General characteristics
- Type: lighthouse tender, then auxiliary ship
- Displacement: 1,173 tons
- Length: 63.4 m (208 ft) overall
- Beam: 11.6 m (38 ft)
- Depth: 4 m (13 ft)
- Installed power: 1,500 hp
- Propulsion: reciprocating steam engine
- Speed: 11.4 kn (21.1 km/h) maximum
- Complement: 44
- Armament: 2 × Oerlikon 20 mm cannon

= LÉ Setanta =

LÉ Setanta (A15) was an auxiliary ship and training ship in the Irish Naval Service. She was named after Sétanta (Cú Chulainn), a mythical hero of the Ulster Cycle.

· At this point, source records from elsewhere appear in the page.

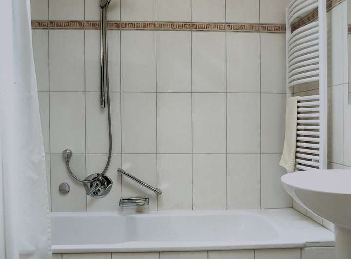 Das Hauptbadezimmer besitzt eine Badewanne und ein zu öffnendes Oberlicht. Es gibt zusätzlich ein Gäste-WC, ebenfalls mit öffnendem Oberlicht.
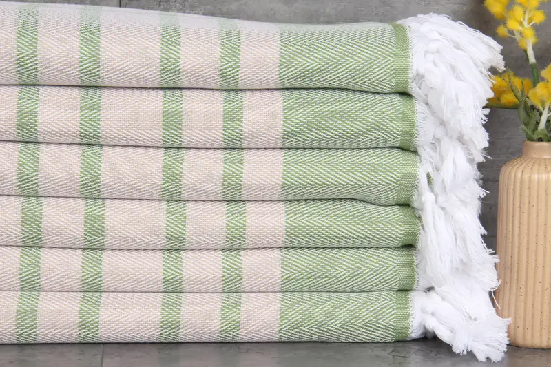 Turkish towels are characterized by their use of 100% organic Turkish cotton, naturally dyed and ensuring superior absorbency. Each towel is dimensioned at 36x67 inches or 90x170 centimeters, weighing 380 grams, with hand-weaving tolerances of 1-2.5 cm. These towels are pre-shrunk and can be custom-embroidered, shipped worldwide with various delivery options. Standard care includes washing separately at 30-40°C, with a preference for hanging to dry to prolong life. Custom orders require a minimum of 500-1000 pieces, with expedited shipping avai...
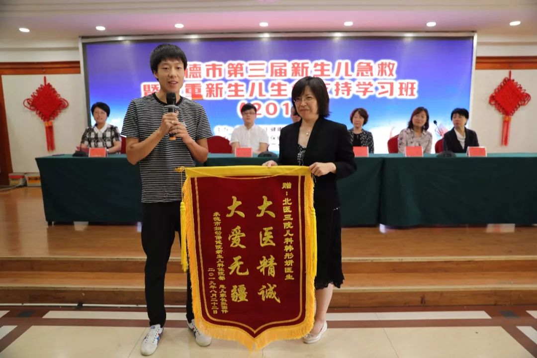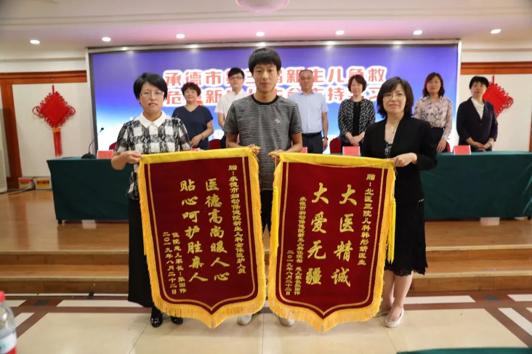 金秋八月、丹桂飄香,2019年8月24日早8點,由我院承辦的“2019年承德市第三屆新生兒急救暨危重新生兒生命支持學(xué)習(xí)班”正在云山飯店二樓舉行,就在培訓(xùn)授課即將開始的時候,一位患兒家長急匆匆的趕到會場,要把兩面分別寫有“大醫(yī)精誠、大愛無疆”及“醫(yī)德高尚暖人心、貼心呵護(hù)勝親人”的錦旗送給應(yīng)邀前來授課的北醫(yī)三院兒科副主任韓彤妍教授及承德市婦幼保健院新生兒科全體醫(yī)護(hù)人員,這個舉動讓參加開幕式的各位領(lǐng)導(dǎo)、專家及全體參會學(xué)員感到非常驚訝,王鳳東副院長立即就認(rèn)出了患兒家長,這不就是一個月前在新生兒科救治的危重患兒的家長嗎?兩面錦旗牽出了一段京冀醫(yī)療合作惠及承德民生的真實感人故事。

Liffey Dockyard in Dublin built her in 1953 as a lighthouse tender for the Commissioners of Irish Lights. She was launched as ILT Isolda, named after the mythical Irish princess Iseult.

In 1976 the INS bought her, had her armed with two Oerlikon 20 mm cannon and renamed her Setanta. She served until 1984 when the INS sold her to Haulbowline Industries Ltd of Cork for scrap.

==Bibliography==
- McIvor, Aidan (1994). "A History of the Irish Naval Service"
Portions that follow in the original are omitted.